Beatification of Father Stanley Rother

The Beatification of Father Stanley Rother of Oklahoma, the first native-born American Martyr, occurred Saturday September 23 in Oklahoma City. The ceremony was the largest Catholic service in the history of the State of Oklahoma, taking place in the Cox Convention Center which filled to capacity of 15,000 with substantial overflow outside the arena. 

Cardinal Amato, Prefect for the Causes of Saints

The service was presided over by the Cardinal Angelo Amato, Prefect for the Congregation for the Causes of Saints who served as Pope Francis’s representative to the service, and concelebrated by Archbishop Paul Coakley of Oklahoma City, Archbishop Emeritus Eusebius Beltran of Oklahoma City, Bishop David Konderla of Tulsa, Bishop Emeritus Edward Slattery of Tulsa, and Bishop Gonzalo de Villa y Vasquez of Solola-Chimaltenango in Guatemala.

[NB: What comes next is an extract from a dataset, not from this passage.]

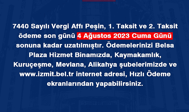 İzmit Belediyesi, alacakların yeniden yapılandırılmasına ilişkin kanun çerçevesinde borçlarını yapılandıran mükelleflerin peşin veya taksit ödeme işlemleri için son ödeme tarihinin 4 Ağustos Cuma gününe kadar uzatıldığını duyurdu.İzmit Belediyesi Mali Hizmetler Müdürlüğü, 7440 Sayılı Bazı Alacakların Yeniden Yapılandırılmasına İlişkin Kanun çerçevesinde borçlarını yapılandıran mükelleflerin peşin veya taksit ödeme işlemlerinin son ödeme tarihinin 4 Ağustos Cuma gününe kadar uzatıldığını duyurdu. Vatandaşlar Cuma günü saat 17.30’a kadar İzmit Belediyesi Belsa A Blok 3. Kat Mali Hizmetler Müdürlüğü, Kaymakamlık, Kuruçeşme – Mevlana – Alikahya şubelerine veya www.izmit.bel.tr internet adresi hızlı ödeme ekranlarından ödeme yapabilecek.

The Mass, given the size of the event, ran extremely well, even from the vantage point in the rafters. I had arrived early before the doors opened at 8 AM, and still had to sit far away from the stage.

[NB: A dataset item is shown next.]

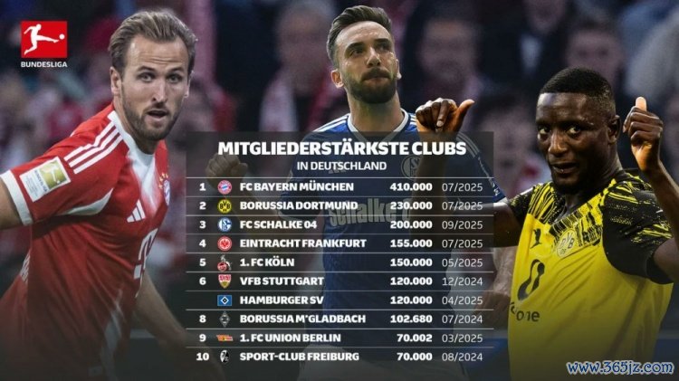 德国俱乐部注册会员数量榜:拜仁41万居首,多特、沙尔克二三位

Though I am not Catholic, I attended in the stead of friends and family members who could not. It was a historical event foolish to pass up and great to witness.

Blessed Stanley Rother was born on March 27, 1935 in Okarche during the heart of the Dust Bowl and Great Depression. The town was founded during the landrun by German immigrants who were either Catholic and Lutheran in the 1890s. Growing up during the Depression and later World War II left a lasting imprint on Rother. After high school he felt drawn by his spirit to a vocation as a priest, similar to the vocation his sister Marita (who is still living) undertook as a nun in the mid-1950s. At seminary in San Antonio, he struggled mightily with Latin. He consulted with then Bishop Victor Reed, who sent him to Mount Saint Mary’s Seminary in Emmittsburg, Maryland, where he finally graduated in 1963.

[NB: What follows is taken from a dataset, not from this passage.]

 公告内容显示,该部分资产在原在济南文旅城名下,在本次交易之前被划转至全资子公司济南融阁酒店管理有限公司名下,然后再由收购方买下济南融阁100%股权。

After graduation, he served in several parishes across Oklahoma during the mid-1960s, including Saint Francis Xavier and Holy Family Cathedral in Tulsa. He was not satisfied with his assignments in Oklahoma, however, and asked Bishop Reed for reassignment to the relatively new Oklahoma Mission in Santiago Atitlan in Guatemala. It had been established by the Diocese of Oklahoma City-Tulsa during the Second Vatican Council in response to Pope Saint John XXII’s admonition to Catholics in the First World to begin new mission and evangelization efforts in areas less fortunate than the circumstances they themselves lived. It would be an assignment Fr. Rother undertook with gusto, but which would ultimately end his mortal life.

While in Guatemala, Rother led the building of a new hospital, cleared land for farming, built an irrigation system for those local farmers and served as a teacher not just of Catholicism but general literacy in Spanish and Tz’utujil to his parishioners. Most importantly, Rother translated the New Testament into Tz’utujil for the locals to more easily understand the teachings of Christ.

He also helped in efforts to recover from the earthquake that struck the country in 1976. His work led him to becoming the de facto head of the mission by the mid-1970s, and he would guide those who came from Oklahoma to help as only he could. This also led to him becoming one of the pillars of the local community in Santiago Atitlan.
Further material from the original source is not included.